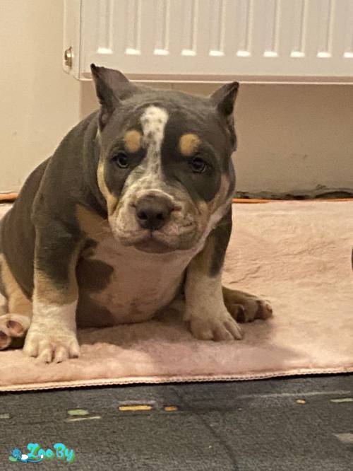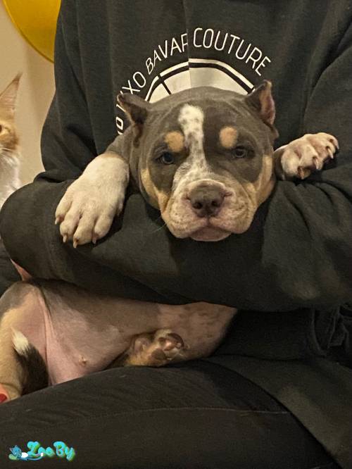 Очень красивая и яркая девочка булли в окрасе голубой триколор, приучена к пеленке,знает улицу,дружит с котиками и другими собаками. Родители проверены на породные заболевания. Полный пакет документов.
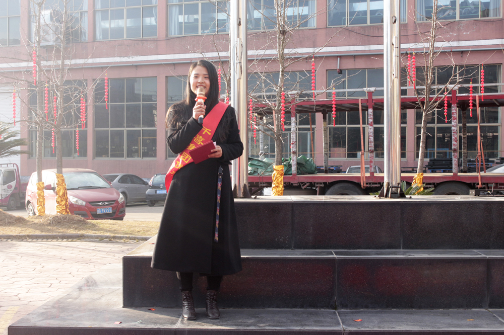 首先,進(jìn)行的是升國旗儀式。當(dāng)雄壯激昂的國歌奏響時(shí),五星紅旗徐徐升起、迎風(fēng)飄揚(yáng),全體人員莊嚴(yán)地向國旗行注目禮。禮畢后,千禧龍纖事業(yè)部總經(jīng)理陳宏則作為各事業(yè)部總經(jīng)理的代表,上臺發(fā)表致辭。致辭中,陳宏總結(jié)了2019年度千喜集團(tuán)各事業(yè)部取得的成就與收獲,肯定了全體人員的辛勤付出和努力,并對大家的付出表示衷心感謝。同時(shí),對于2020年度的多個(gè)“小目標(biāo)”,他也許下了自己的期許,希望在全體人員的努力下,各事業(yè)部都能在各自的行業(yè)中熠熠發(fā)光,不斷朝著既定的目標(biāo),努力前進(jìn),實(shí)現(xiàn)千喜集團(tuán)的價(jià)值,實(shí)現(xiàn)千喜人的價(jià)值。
==
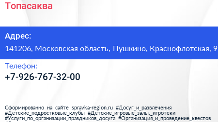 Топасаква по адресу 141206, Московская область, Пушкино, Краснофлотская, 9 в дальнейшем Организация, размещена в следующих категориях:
==
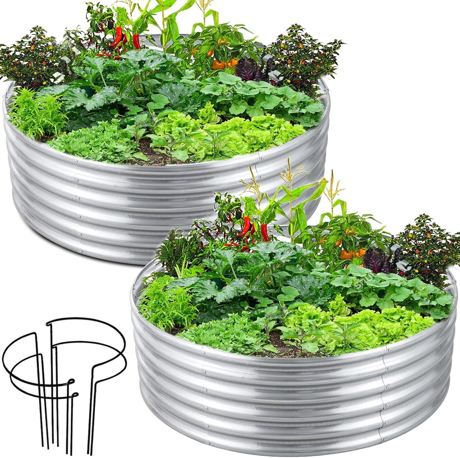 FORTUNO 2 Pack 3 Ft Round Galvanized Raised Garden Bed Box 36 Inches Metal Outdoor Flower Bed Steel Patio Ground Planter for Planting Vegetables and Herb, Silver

- What to produce -
Copy the lines above between the one holding "Очень красивая и" and the one holding "首先,進(jìn)行的是升國", inclusive. Drop the pictures.

- Exercise result -
 Очень красивая и яркая девочка булли в окрасе голубой триколор, приучена к пеленке,знает улицу,дружит с котиками и другими собаками. Родители проверены на породные заболевания. Полный пакет документов.
 首先,進(jìn)行的是升國旗儀式。當(dāng)雄壯激昂的國歌奏響時(shí),五星紅旗徐徐升起、迎風(fēng)飄揚(yáng),全體人員莊嚴(yán)地向國旗行注目禮。禮畢后,千禧龍纖事業(yè)部總經(jīng)理陳宏則作為各事業(yè)部總經(jīng)理的代表,上臺發(fā)表致辭。致辭中,陳宏總結(jié)了2019年度千喜集團(tuán)各事業(yè)部取得的成就與收獲,肯定了全體人員的辛勤付出和努力,并對大家的付出表示衷心感謝。同時(shí),對于2020年度的多個(gè)“小目標(biāo)”,他也許下了自己的期許,希望在全體人員的努力下,各事業(yè)部都能在各自的行業(yè)中熠熠發(fā)光,不斷朝著既定的目標(biāo),努力前進(jìn),實(shí)現(xiàn)千喜集團(tuán)的價(jià)值,實(shí)現(xiàn)千喜人的價(jià)值。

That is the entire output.